僕の高校の同級生の長男で、生まれたころからよく知ってる。よく彼の家に遊びに行って遊んでいた。
彼に会うと名前のごとく太陽のように笑い、僕に抱きついてくる。次男のヒナタと僕の取り合いである。
彼の両親がどんな育て方をしてるのか詳しく知らないが、彼はすくすくとまっすぐに成長している。
毎回会うのが楽しみなんだ。

そんな彼も今年で中学生になった。
中学生になった彼に何かお祝いをしようと思った。
何かずーっと残るものがいいなぁと思って、ネットなんかで調べてみると、財布や時計、靴や万年筆。
あとは単純にお金が一番喜ばれるなんて書いてある。
まぁそりゃそうだなぁと思いながらも、なんか僕らしい贈り物をしたい。
色々と考えた結果、「東京リバーカヤックツアー」なんてプレゼントしたらどうだろうと…

たまーに友人を連れて行くところで、江東区の大島小松川公園からぐるーっとスカイツリーの真下を寄ってまた大島小松川公園に戻ってくるというコース。
「えーっ!東京でカヤック乗れるのー?」とか聞かれるんだけど、乗れるのだ。
そして、東京は運河が多くカヤックやカヌー、SUPなんかが結構気軽にできるところなんだ。

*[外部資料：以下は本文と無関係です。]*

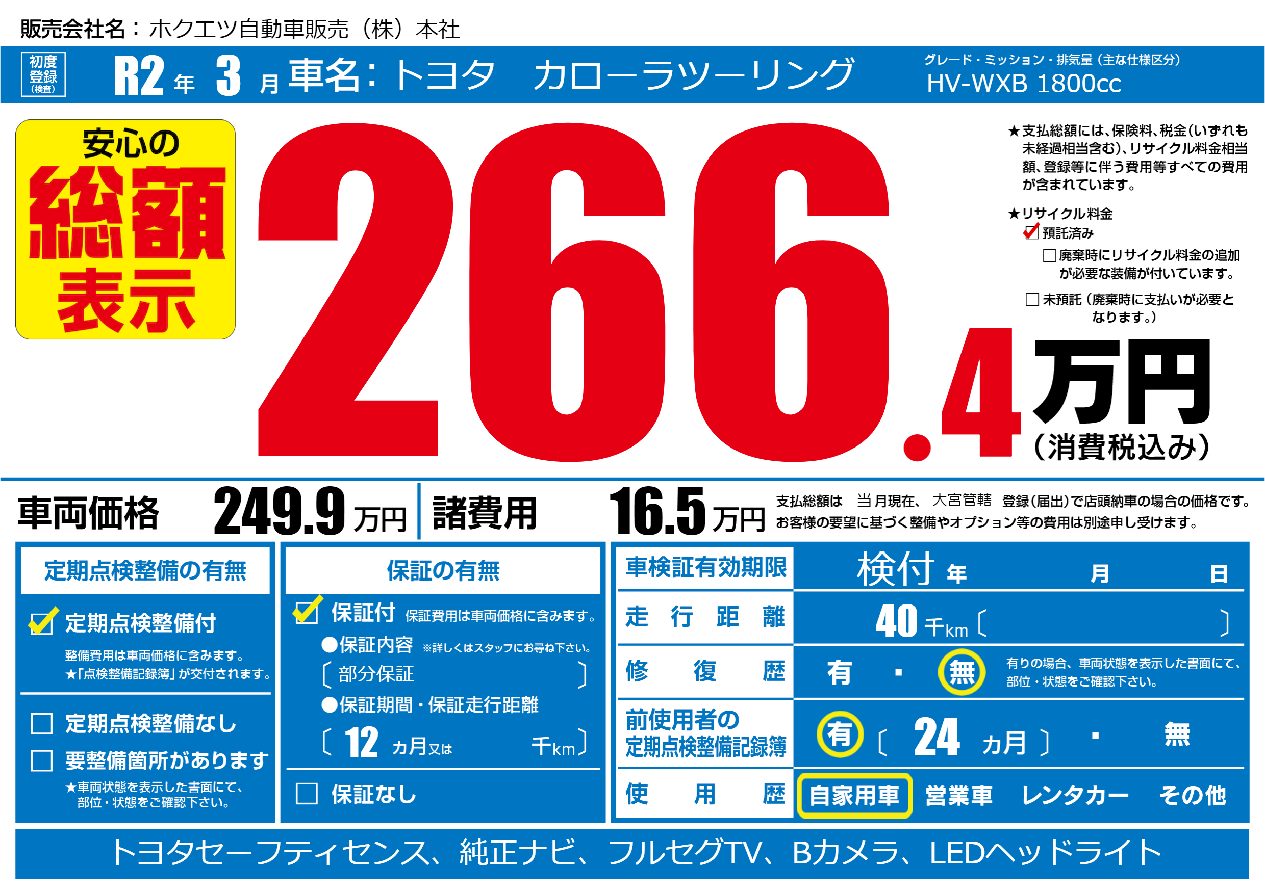 | 車名 | トヨタ カローラツーリング | グレード ミッション 排気量 |
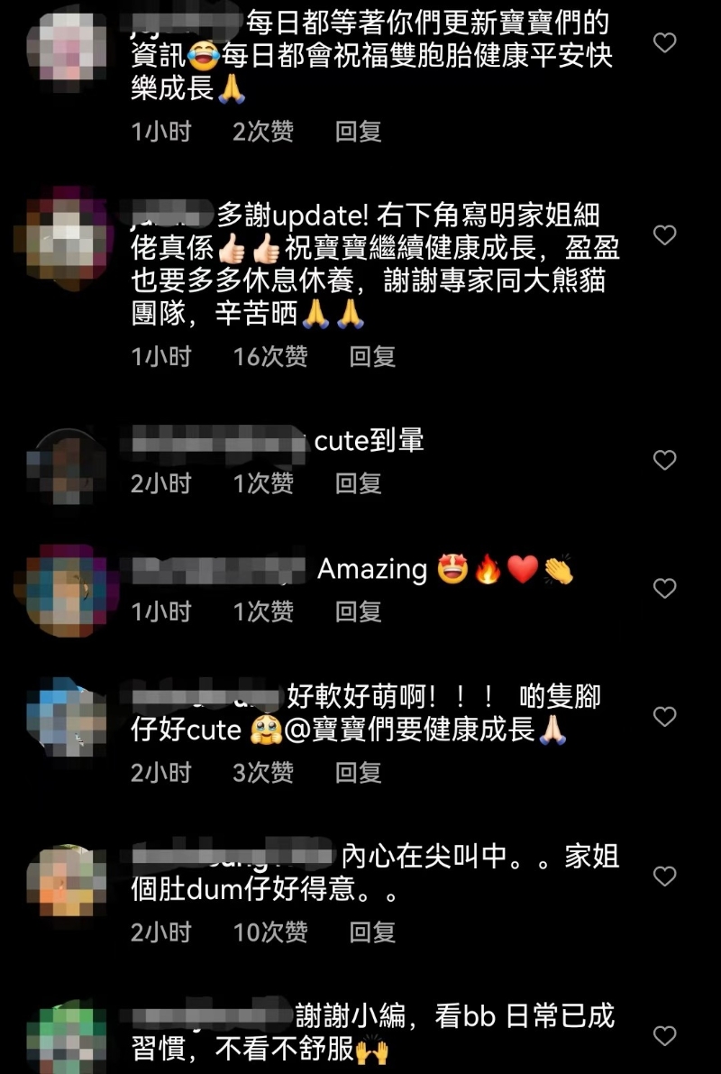香港新聞網8月20日電 中央贈港大熊貓“盈盈”在香港海洋公園誕下一對龍鳳胎。20日,園方再在社交媒體頁發布4張大熊貓寶寶的生活照,大量網友紛紛發評:“好軟好萌!”“終於有更多更新啦”“看bb(寶寶)日常已成習慣,不看不舒服”。
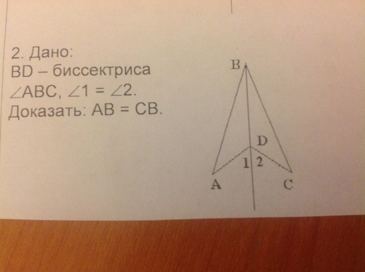 если угол 1 равен углу 2, значит и смежные с ними углы равны, то есть угол ADB= углу CDB. Значит треугольники равны по стороне и двум прилежащим к ней углам. А значит и АВ=СВ
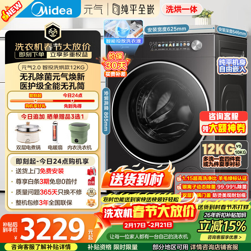 ÃÀµÄ£¨Midea£©ÔªÆø2.0 ¹öͲϴÒ»úÈ«×Ô¶¯ ´øºæ¸ÉÏ´ºæÒ»Ìå 12KG´¿Æ½´óÈÝÁ¿ ÖÇͶ MD12S30T ÒԾɻ»Ð ¹ú¼Ò²¹Ìù
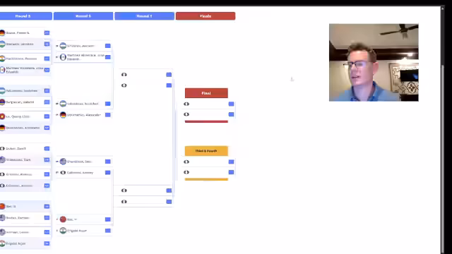 00:42:49In der 10-Minuten-Partie übernahm Donchenko mit Schwarz erneut die Initiative und schnürte seinen Gegner ein. Trotz eines langen Kampfes und schwieriger Endspiele gelang es Donchenko, die Partie zu gewinnen und erneut in Führung zu gehen. Somit stand es wieder 1:0 für Donchenko, der mit Weiß erneut ein Remis zum Weiterkommen benötigte. Doch auch diesmal konnte er die Führung nicht halten. In einer weiteren Kampfpartie setzte Alex auf Angriff mit Borna Efron, was sich als zu riskant erwies. Le Quang nutzte dies aus und gewann die Partie mit einem schönen Trick, wodurch es erneut 1:1 stand. Das Match ging ins Blitzschach (5 Minuten plus 3 Sekunden), eine Disziplin, in der Le Quang als ehemaliger Blitzweltmeister besonders stark ist, was einen harten Sprung für Donchenko darstellte.

わざわざ高速道路で車に乗って遠くに行かなくてもできるんだぜぃ。
そもそも運河っちゅうのは物を運ぶ為に使われたり造られたりした川。カヤックにはもってこいの規模の大きさで、川からの東京の眺めはまた違った趣で大変よろしいのだ。
渋滞もないしね。
道路に標識や信号があるように、川にも標識や信号がある。基本的に右側通行だし、川によって優先される船の種類も違ったり。小さな運河は「手漕ぎ優先」と書いてあって、つまりカヌーやカヤックはエンジン付きの船より優先されるのだ。
僕らがカヤックに乗ってるとエンジン付きの遊覧船がエンジンを止めてゆっくりと通り過ぎてくれたりする。
カヤックやカヌーを東京でするのに気をつけなくちゃいけないのが、舟を降ろす場所である。
ここ大島小松川公園は許可なく誰でも舟を降ろせる場所なので安心。場所によっては禁止されていたり許可を必要な所もあるので確認が必要かもね。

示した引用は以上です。